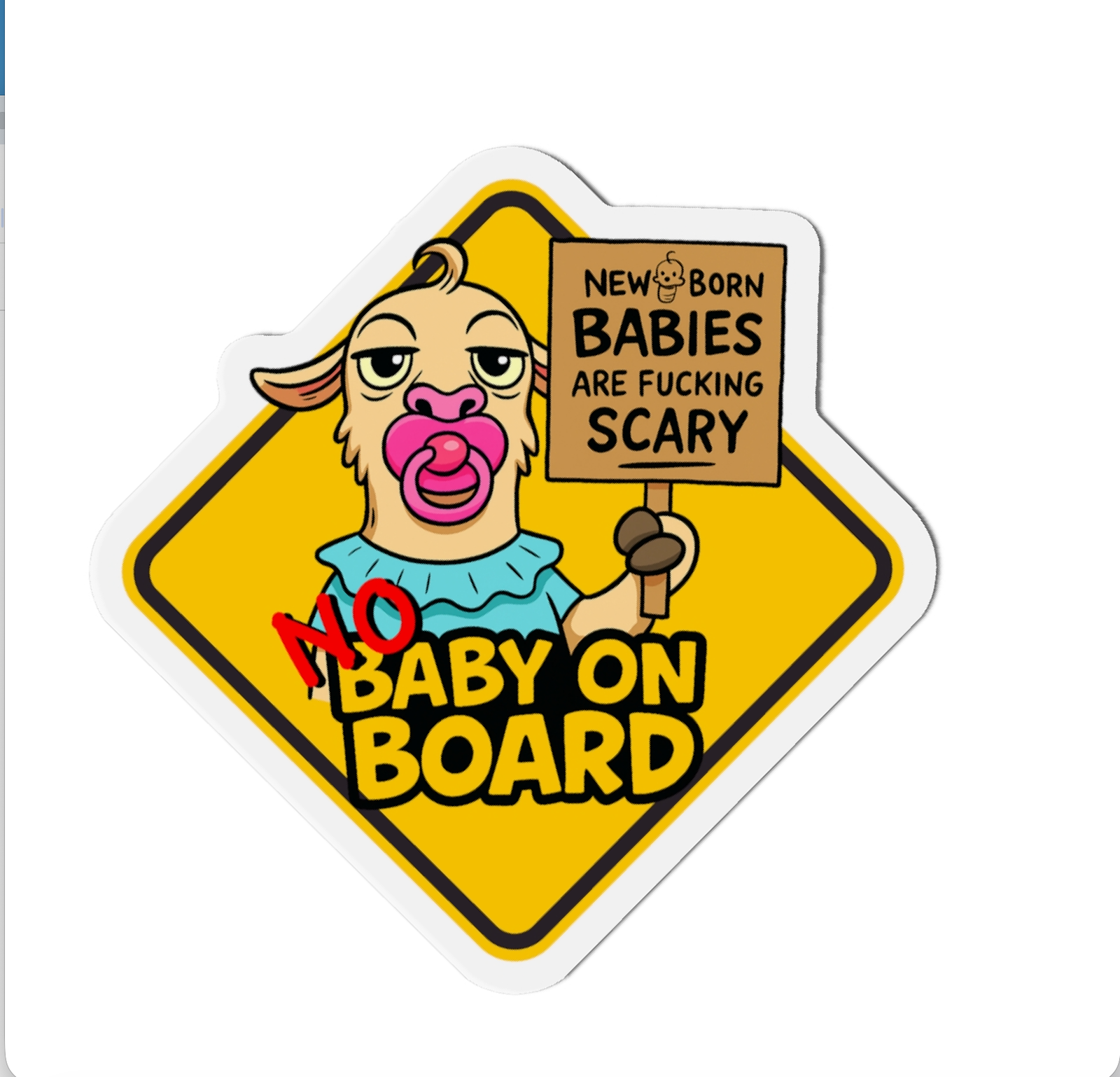 Tired of driving behind a car that has a stupid “Baby on Board” caution sign on the bumper? Well, here’s your answer! “No Baby on Board. Newborn babies are fucking scary.” This die-cut magnet will stick to anything and anywhere that magnets normally stick to… including that non-precious car bumper of yours.
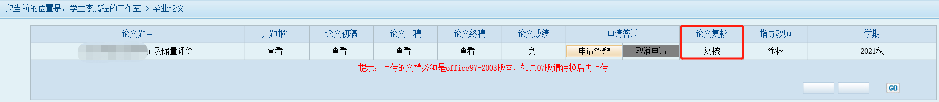 2.2021年秋季及之前学期论文成绩未及格或论文选题后连续两个学期未完成论文写作的同学,在平台论文操作模块点击“复核”按钮提交终稿稿件。复核具体要求以学院后续发布的正式复核通知为准。
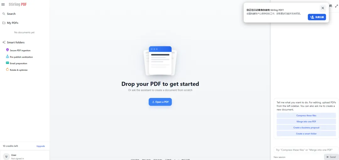 Stirling-PDF 是一个开源的、基于 Web 的全功能本地 PDF 工具箱,支持离线运行,提供 PDF 编辑、转换、合并、拆分、压缩、OCR 识别等核心功能。项目采用模块化设计,通过前后端分离架构实现高扩展性,适合个人用户和企业级部署。
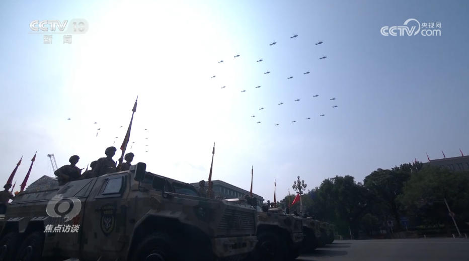 藍(lán)天之上,轟鳴聲持久不息,由26架直-19型武裝直升機(jī)組成的“80”字樣編隊(duì)向天安門(mén)飛來(lái),寓意紀(jì)念中國(guó)人民抗日戰(zhàn)爭(zhēng)暨世界反法西斯戰(zhàn)爭(zhēng)勝利80周年。
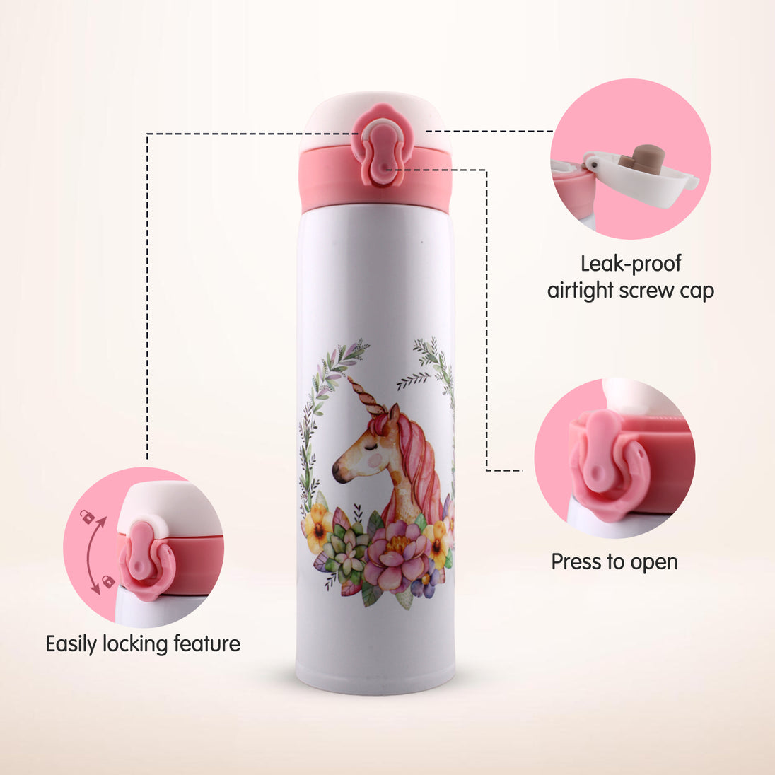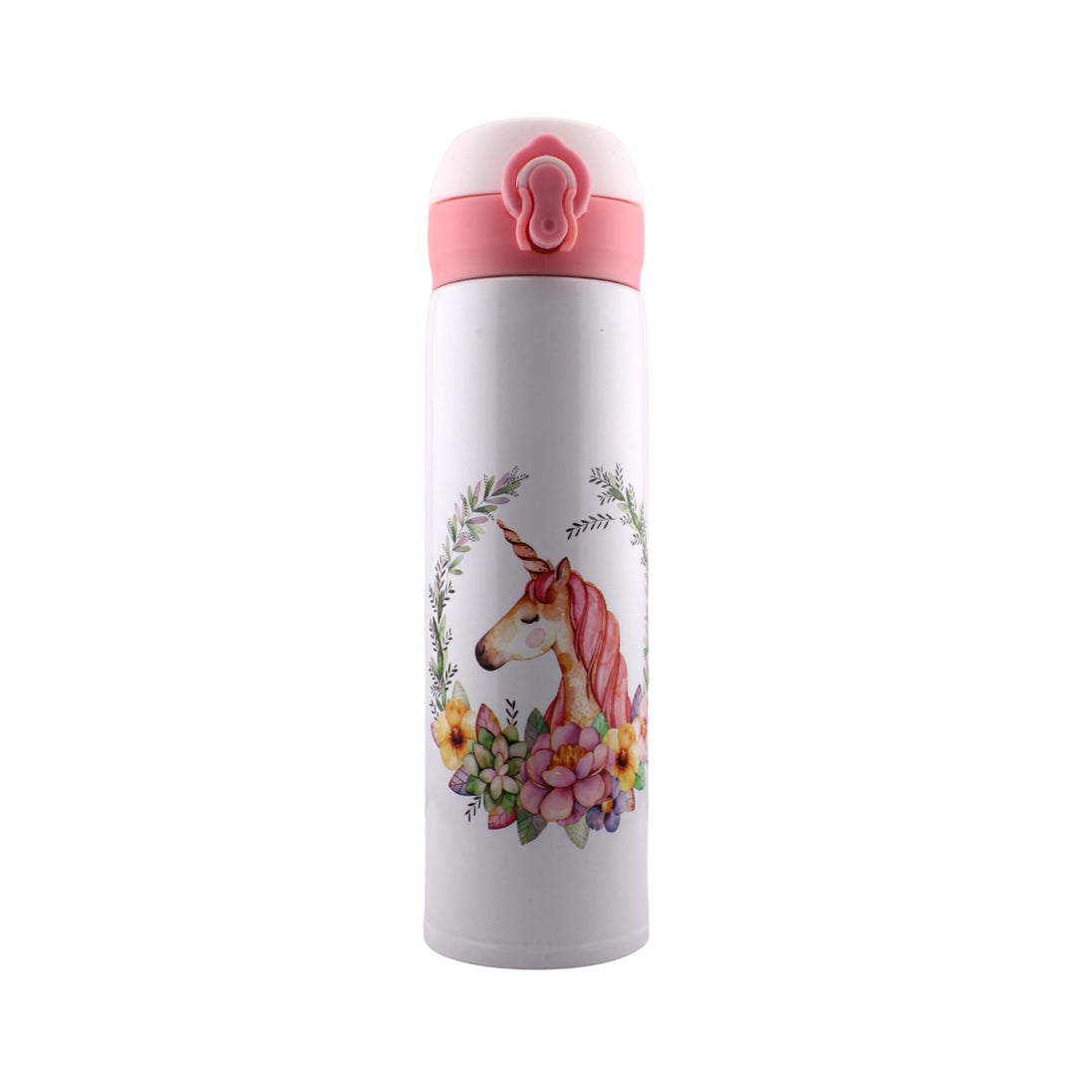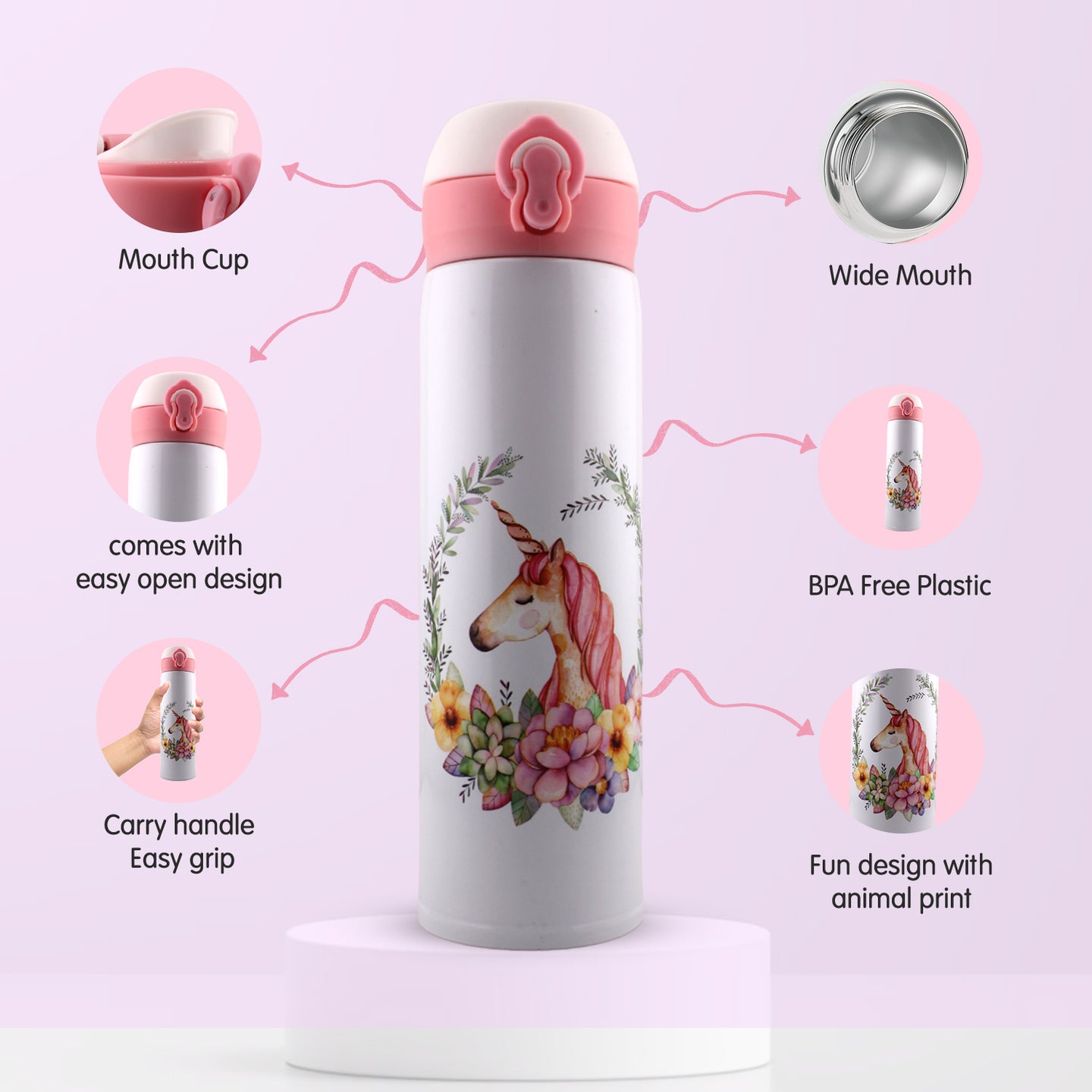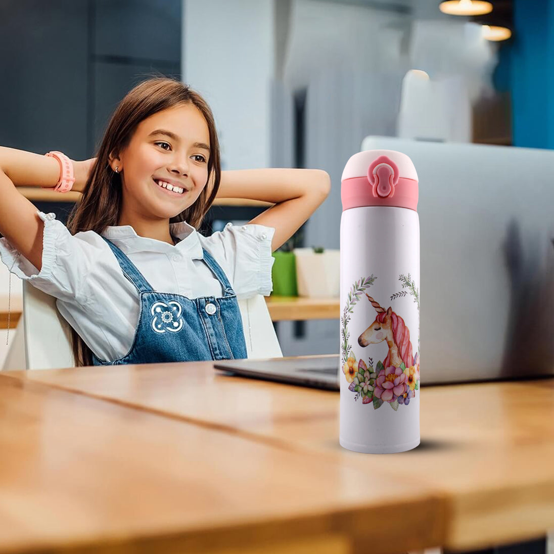 KIDS WATER BOTTLE: 1x 500ML Unicorn stainless steel double-wall vacuum insulated thermos bottle, perfect for young ones.

* * * * * * *

**WHAT YOU SHOULD DO**
Write out an exact copy of the lines beginning at the line that contains "藍(lán)天之上,轟鳴聲持" and ending at the last line of the listing. Exclude pictures.

**OUTPUT FOR THIS EXERCISE**
 藍(lán)天之上,轟鳴聲持久不息,由26架直-19型武裝直升機(jī)組成的“80”字樣編隊(duì)向天安門(mén)飛來(lái),寓意紀(jì)念中國(guó)人民抗日戰(zhàn)爭(zhēng)暨世界反法西斯戰(zhàn)爭(zhēng)勝利80周年。
 KIDS WATER BOTTLE: 1x 500ML Unicorn stainless steel double-wall vacuum insulated thermos bottle, perfect for young ones.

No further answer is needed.